/pydantic-chatcompletion

Wraps openai.ChatCompletion to produce pydantic model output via schema prompt and error feedback.

Primary LanguagePython

Pydantic ChatCompletion

This repository provides a wrapper around the OpenAI ChatCompletion API that help enables the extraction of structured data (in the form of a Pydantic model) from unstructured text via language model.

This package provide a pydantic_chatcompletion.create() function that is similar to the openai.ChatCompletion.create() function.

The pydantic_chatcompletion.create() function takes an arbitrary pydantic class as an additional argument (in addition to the normal arguments supported by openai.ChatCompletion.create()) and tries to return an instance of the supplied pydantic class as return data.

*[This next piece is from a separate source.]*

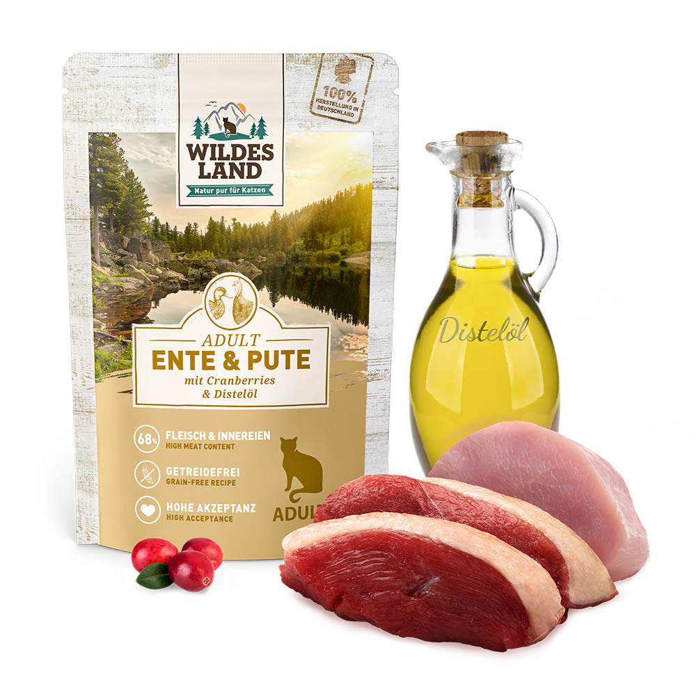 Cats need a balanced diet for optimal well-being. The selection of the right cat food should be based on the natural dietary needs of the cat. Wildes Land Duck and turkey with cranberries and fine cranberries is a food for adult cats and supports the optimal nutrition of your pet.

The create function in the pydantic_chatcompletion package is designed to interact with the OpenAI ChatCompletion API to progressively guide the language model to produce structured data according to a provided Pydantic model. Here's how it accomplishes this task:

  1. It starts by appending a system message to the list of messages, instructing the language model to respond with valid JSON that conforms to the Pydantic model's JSON schema. The message also asks the language model not to include any additional text besides the JSON object.

  2. If the language model output is not valid json, append the json.loads() exception output as an additional system message and try again.

  3. If the lanugage model output is valid json but does not pass pydantic validation, append the pydantic exception output as an additional system message and try again.

In most cases the error remediation of the 2nd and 3rd steps is not required as the language model is usually able to output correct data on the first try.

Installation

pip install pydantic_chatcompletion

Usage

import pydantic_chatcompletion
from pydantic import BaseModel


messages = [{"role": "user", "content": "All of your unstructured text to process via language model..."]


class MyPydanticModel(BaseModel)
      """
      The data we extract from the unstructured text via lanugage model.
      """
      some_data: int
      more_data: str

instance_of_my_data =  pydantic_chatcompletion.create(messages, MyPydanticModel, model='gpt-3.5-turbo')

print(instance_of_my_data.some_data, instance_of_my_data.more_data)

Summary of Examples

  1. example/book_info.py: Extracts structured book information (title, author, publication year, genre, characters, and summary) from a given unstructured text describing the book "Pride and Prejudice".

  2. example/doc_metadata.py: Extracts metadata (title, author, creation date, and primary language) from an unstructured text related to a document about investment opportunities in Generative AI.

  3. example/list_event_dates.py: Extracts a list of events, their names, and their relative start and end dates from an unstructured text containing a calendar of events.

  4. example/movie_info.py: Extracts structured movie information (title, director, release year, cast, genre, duration, plot, and awards) from an unstructured text about the movie "The Godfather".

  5. example/nested.py: Extracts a nested curriculum structure (curriculum title, description, courses, course titles, instructors, and course durations) from an unstructured text describing a data science bootcamp.

  6. example/user_details.py: Extracts user details (name, age, email, and country) from an unstructured text about a software engineer named John Doe.